View on XJeff from business realized that he might not need to spend a lot of money on a quoting tool… Just built it himself!
None of these are what anyone would classify as standard “developer productivity” and it may be hard to quantify these, but the anecdotes have been so clear and widespread that it is undeniable the macro changes that will result from a collaborative agentic system like Cascade within the Windsurf Editor.
So, What’s Next?
Windsurf today looks like an IDE. This was intentional. As discussed earlier, that was all that was needed to expose AI flows, the new frontier of AI’s capability. It is already much more advanced than any other AI developer tool today. But that is just today, the frontier charges on.

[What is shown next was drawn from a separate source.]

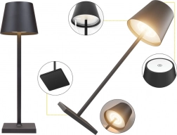 Nowoczesna stołowa lampka LED w matowej czerni wnosi przyjemne i funkcjonalne oświetlenie do każdego wnętrza. Sterowanie dotykowe na górze umożliwia szybką zmianę trybów oraz regulację jasności w zależności od potrzeb – od skoncentrowanego światła do pracy po miękkie, nastrojowe oświetlenie na wieczorny odpoczynek.

We believe Windsurf will become a platform that will extend across the entire software development life cycle, with a single “flow” passing through all of the surfaces in which development happens. In fact, certain tasks might happen on completely different surfaces than they do today (e.g. does code review still happen in a web browser in the future, or in an editor-like surface? are tickets annotated in a JIRA or directly in a codebase?). Windsurf will also be able to ingest any store of knowledge at a company, not just the existing codebases, and learn from common flow “trajectories” to automatically learn organizational best practices. AI has the potential to truly tie together work across people, time, data, and tasks, and this will continue to redefine what development teams are able to do, not just how fast they will do it.
We aren’t quite sure yet exactly when any of these advancements will happen, or if they are even possible, but this is why we stay close to and continue to discover what AI is capable of doing at any point in time.
The beauty of a motto like “dream bigger” is that it is never complete. There will always be more that will be possible, so our work is not even close to done. That being said, the Windsurf Editor is yet another large step - redefining the IDE so that you can redefine what you’re capable of.